Alan was a lot of things. Extremely gifted at the fine art of cunnilingus he was, unfortunately, not. But Quorra had no basis of comparison, and apparently his soft, soft licks against her clit were more than enough. He wanted to do what she did, and sit back and watch her face as the orgasm hit, but he also wanted it to be good. He wanted it to make up for what might have been hours of her stubbornly trying to get off, but only getting frustrated and sore. So he kept at it, pushed his tongue against her a little more insistently, and made do with listening to the symphony of her cries and moans as she came. No breaks for him; he kept licking and licking and whether she came again, or it was just aftershocks, he didn't know. Finally he could hear tears in her breathing, and he pressed one last open-mouthed kiss against her, then finally looked up.
Quorra's face was wet, but she beamed at him as brightly as he'd ever seen. She put her arms out for him, and did her best to tug him right down on top of her. "I don't want to smoosh you," he said, and ignored her growl. He rested on his side next to her, and to placate her, put one leg over hers, pulled her close.
"I want you to smoosh me," she complained, but he just stroked her hair back. A few moments to bask.

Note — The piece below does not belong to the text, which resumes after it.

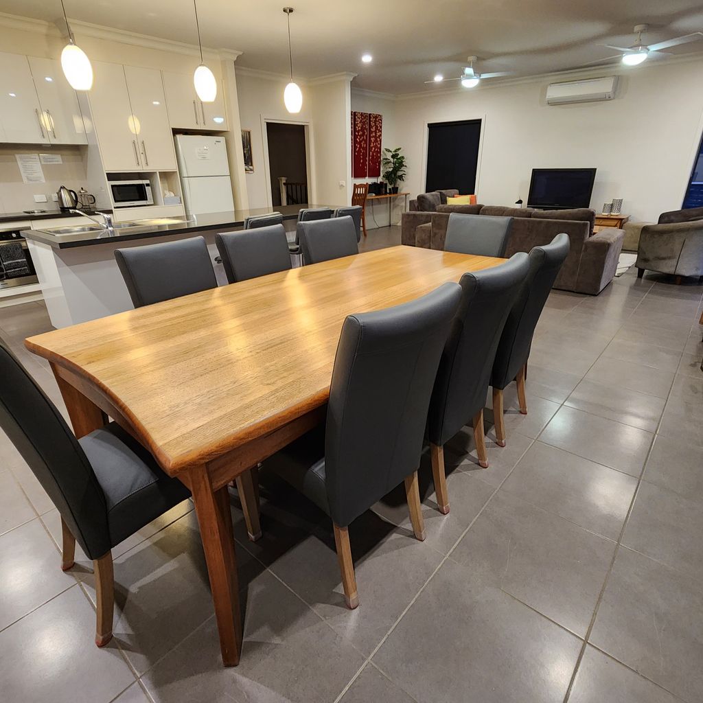 Enjoy winter days by the wood heater, summer dining on the deck, and the gardens in any season. The home includes heating and cooling throughout, electric blankets, ceiling fans, two bathrooms, wi-fi, TVs with DVD/Blu-ray, and a selection of movies and games. Family-friendly, but not suitable for children under five due to stairs.

"So what did you think?" he asked. He waited for her delighted laugh, the bright bubbles in her voice when she talked to him about something beautiful she'd seen. But he was met with silence, and he worried that it hadn't been what she'd expected. Then she pressed her head against his chest, fingers on his ribs digging in.
"I had a dream last night. You were in the Grid with me, teaching me how to dance by the Sea.” A sigh, something she couldn’t put into words. “I love you, too." A hitch in her voice. Alan felt his eyes sting, and pulled her as tightly to him as he could; he didn't want even a breath between their bodies.
He'd have decisions to make, and no matter which path he chose, Sam would have to be told something. But let the decisions wait, even if only for another ten minutes. Right now, he was going to hold his girl, this pretty woodland nymph, this miracle with the quicksilver smile. He was going to hold her, and listen to her breathe, and feel her heartbeat against his palm. He was going to let himself drowse, let his brain go silent, overwhelmed by this most simple animal comfort.
Alan was a lot of things. Happy, for one.